Staatssekretär, Bundesministerium für Bildung und Forschung



 

Was kann Forschung zu einer effektiven regionalen Vernetzung des Gesundheitswesens beitragen?

Der demografische Wandel stellt das Gesundheitswesen in Deutschland vor große Herausforderungen. Die steigende Lebenserwartung, die zunehmende Bedeutung von Volkskrankheiten und die vermehrte Nachfrage nach Gesundheitsdienstleistungen erfordern innovative Ansätze in der Gesundheitsversorgung. Diese können vor allem dann entstehen, wenn Menschen aus unterschiedlichen Fachdisziplinen, Branchen und Sektoren des Gesundheitssystems über traditionelle Grenzen und Schranken hinweg zusammenwirken und gemeinsam an einem Ziel arbeiten.

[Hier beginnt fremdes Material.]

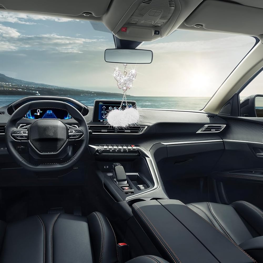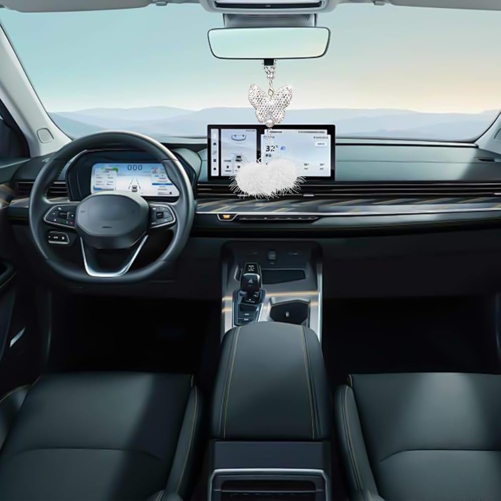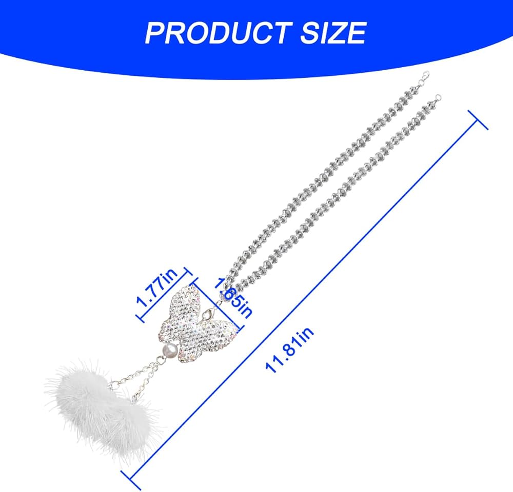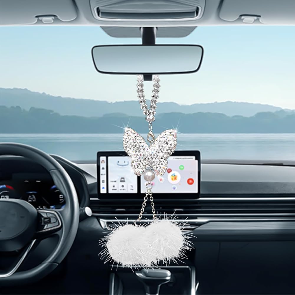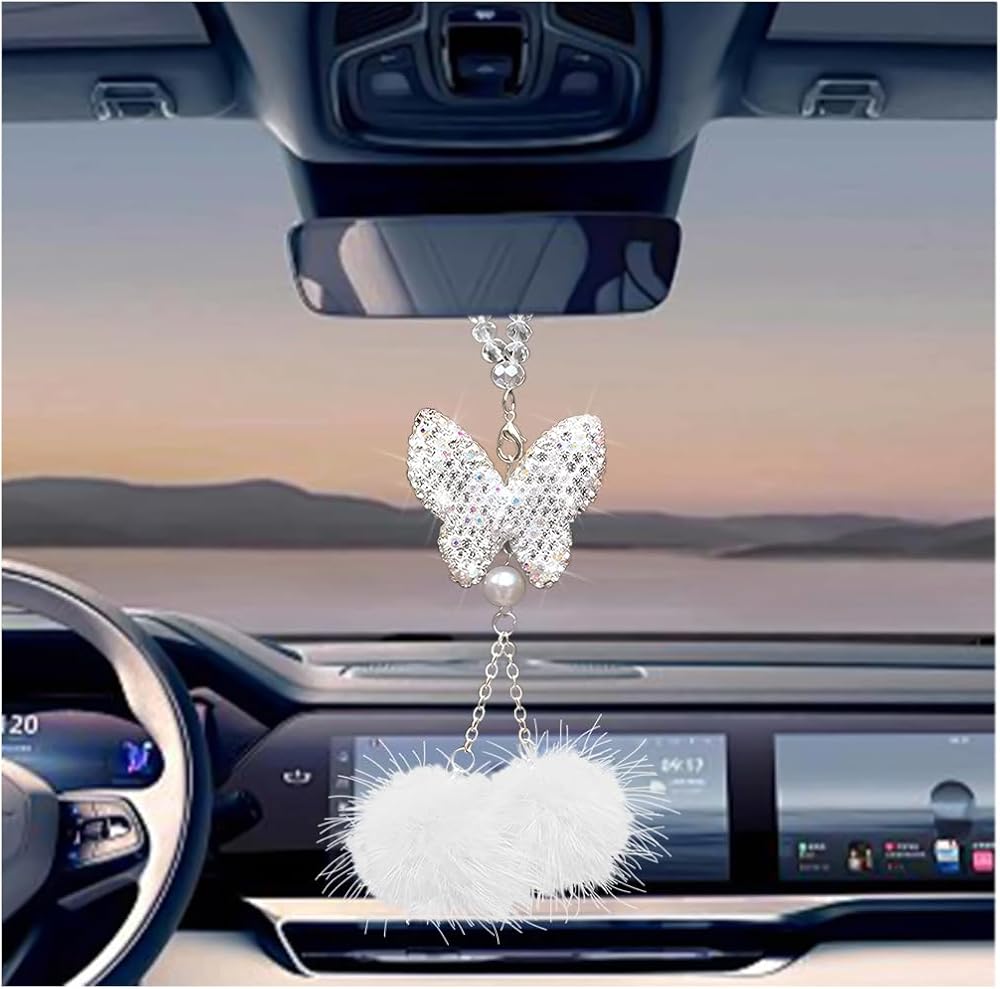 【Unique Design】: This car interior pendant consists of a bling butterfly and two hairballs. Its design is very beautiful, combining the crystal clarity and transparency and the elegant form of the butterfly, which can add a sense of elegance and style to the car interior. And it supports personalisation, you can choose different colours of the fur balls according to your preference and needs, to create your own unique style.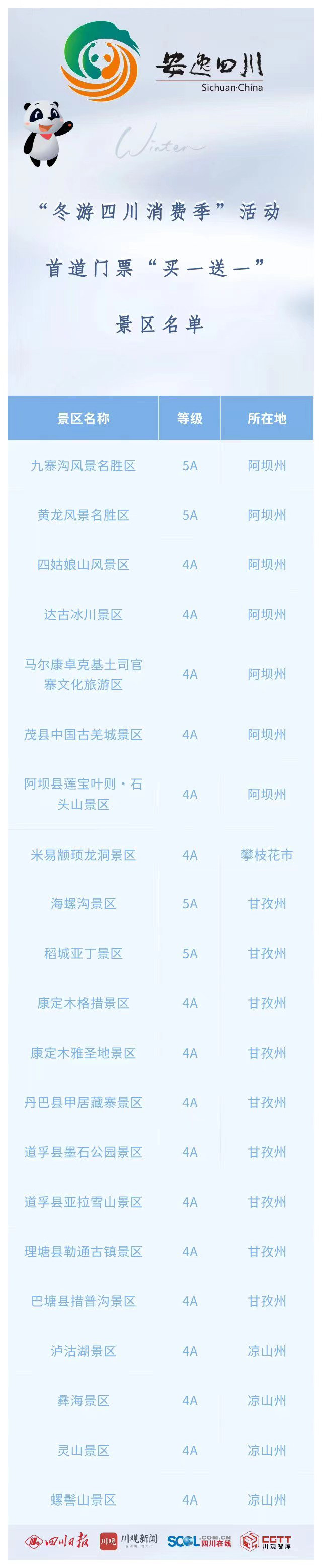 去年12月底,“冬游四川消費(fèi)季”活動(dòng)開(kāi)啟,推出引客入川獎(jiǎng)補(bǔ)、冬季航班航線補(bǔ)貼、降低省外來(lái)川小型客車高速公路通行費(fèi)、優(yōu)化入境旅游服務(wù)等系列優(yōu)惠政策,尤其是圍繞冰雪、陽(yáng)光等特色資源重點(diǎn)區(qū)域,推出阿壩州、甘孜州、涼山州和攀枝花市“三州一市”國(guó)有4A級(jí)及以上旅游景區(qū)將實(shí)行“門票買一送一”、國(guó)有4A級(jí)以下旅游景區(qū)門票全免的優(yōu)惠政策,包括九寨溝、黃龍、稻城亞丁、四姑娘山、達(dá)古冰川等熱門旅游景區(qū)。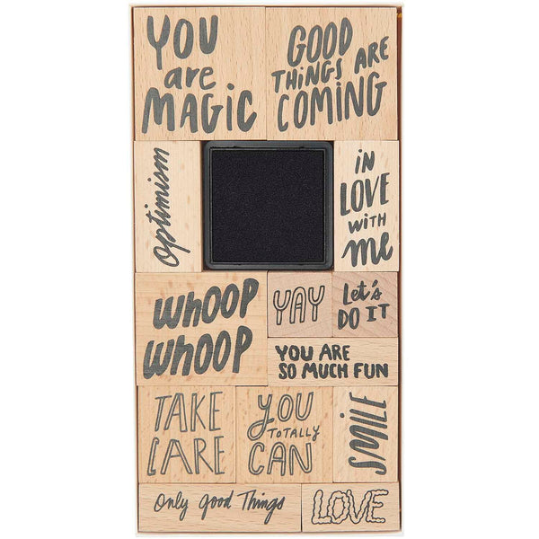 This beautifully designed You Are Magic stamp set includes 14 stamps of varying lattering and positive sayings. Perfect for decorating a diary, journal, letters or cards. This set includes a black ink pad.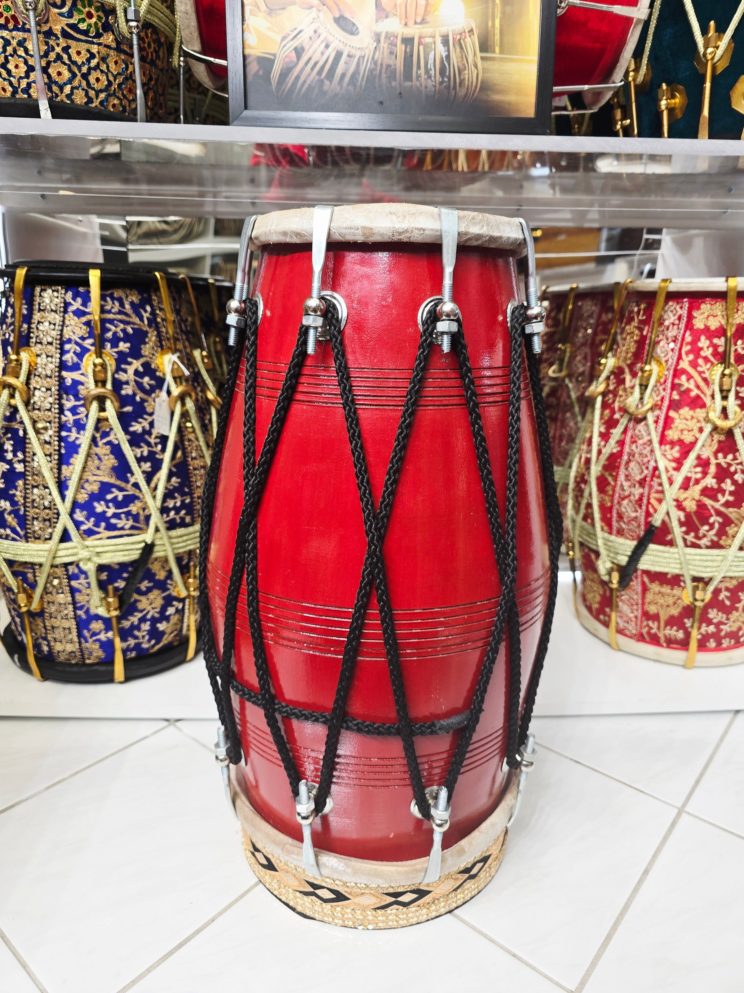 The most beautiful Dholaks in the World, carefully sourced by the Sangeet Store. Each of these Premium Dholaks are specially crafted to represent the most elegant designs & superior sound quality available anywhere in the World.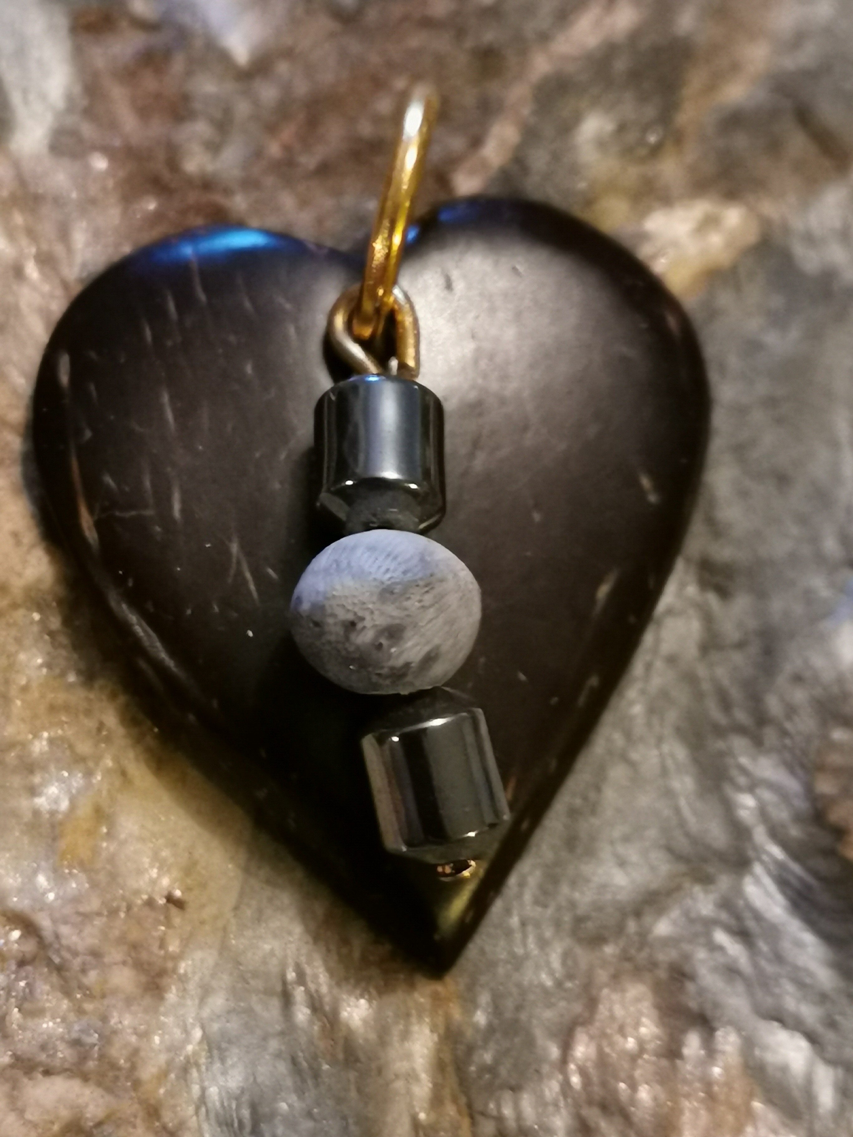 Pendentif en corail bleu et hématite, laiton et bois. avec cordon réglable en hauteur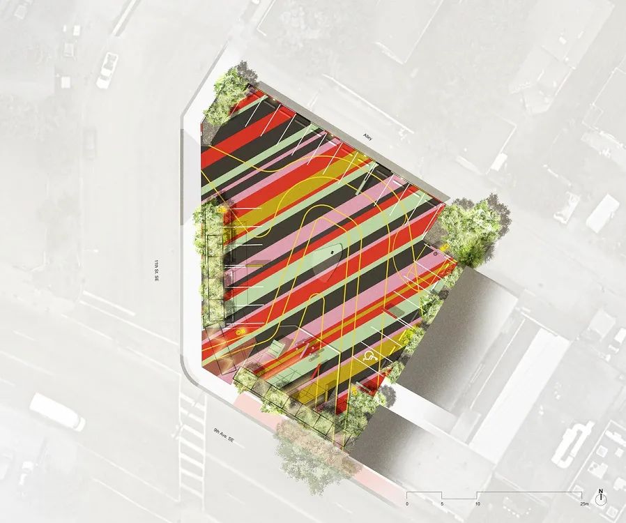 PARK PARK外观仿佛多层次的蛋糕,机能上则是个停车场公园(parking lot park),里头允许多采多姿和充满尝试性的活动共存。设计团队之所以打造一种混合使用态样,乃是基于创造新意义,同时也开启都会停车场在机能定位上的可能性,就像加拿大卡加利市(Calgary)流露文艺气息的古老街区英格尔伍德(Inglewood)那般。
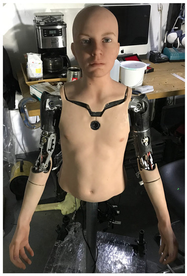 Abel is a new generation humanoid robot, conceived to be a research platform for social interaction, emotion modeling, and studies on embodied intelligence. The name Abel derives from the Hebrew Hevel, or Havel, which means ’breath’, ’vital breath’, or ’vapour’. Its appearance resembles that of an 11–12 year old boy. It is a unique piece, resulting from the collaboration between the Enrico Piaggio Research Center of the University of Pisa [73] and Gustav Hoegen, from Biomimic Studio [74], based in London. Abel is a humanoid resulting from the merge between researchers with bioengineering and robotics background and animatronics artists. The collaboration between engineers and creatives with such an artistic inspiration is fundamental for the creation of a humanoid like Abel, i.e., an emotional robot. Actually, the importance of being emotionally evocative [75] drove the design of the Abel’s body (Figure 4).

Die Erfahrungen aus international besonders erfolgreichen gesundheitswirtschaftlichen Modellen zur Innovationsförderung zeigen, wie wichtig eine enge, oft regional fokussierte Vernetzung aller am Innovationsprozess beteiligten Akteure ist. In Deutschland war die Wertschöpfungskette in der Gesundheitswirtschaft bislang stark in Forschung, Entwicklung und Verwertung fragmentiert. Mittlerweile verfolgen immer mehr Akteure integrative Ansätze, um die regional vorhandenen Innovationspotenziale in Wissenschaft, Wirtschaft und Gesundheitsversorgung optimal zu nutzen. Hier setzt der Wettbewerb „Gesundheitsregionen der Zukunft – Fortschritt durch Forschung und Innovation“ an, den das Bundesministerium für Bildung und Forschung (BMBF) Anfang des Jahres 2008 bekanntgegeben hat.

BMBF fördert Innovationen durch Vernetzung
Verschiedene Förderaktivitäten des BMBF unterstützen die spezifische Vernetzung in der Gesundheitswirtschaft. Prominente Beispiele dafür sind die Spitzencluster, die im Rahmen des themenoffenen Spitzencluster-Wettbewerbs des BMBF prämiert wurden. Ziel des Wettbewerbs ist eine nachhaltige Stärkung bestehender regionaler Cluster aus Wissenschaft und Wirtschaft. In den ersten beiden Wettbewerbsrunden wurden drei Spitzencluster aus der Gesundheitswirtschaft ausgezeichnet: der Biotechnologie-Cluster BioRN in der Metropolregion Rhein-Neckar, das Münchener Biotech-Cluster m4 und die Medical Valley Europäische Metropolregion Nürnberg. Auch im Cluster MicroTEC Südwest sind Innovationen aus der Medizintechnologie ein wichtiger Schwerpunkt.

Der BMBF-Wettbewerb „Gesundheitsregionen der Zukunft“ greift den Gedanken, regionale Innovationspotenziale in dauerhafte Wertschöpfung umzusetzen, gezielt für die Gesundheitswirtschaft auf. Daher ist bei diesem Wettbewerb die regionale Erprobung der Produkt- bzw. Prozessinnovationen ein wesentlicher Bestandteil des Konzepts. Die Beteiligten müssen aufzeigen, wie durch die anschließende Implementierung der entwickelten Innovationen ein Beitrag zur Steigerung der Qualität und Effizienz der Gesundheitsversorgung geleistet werden kann.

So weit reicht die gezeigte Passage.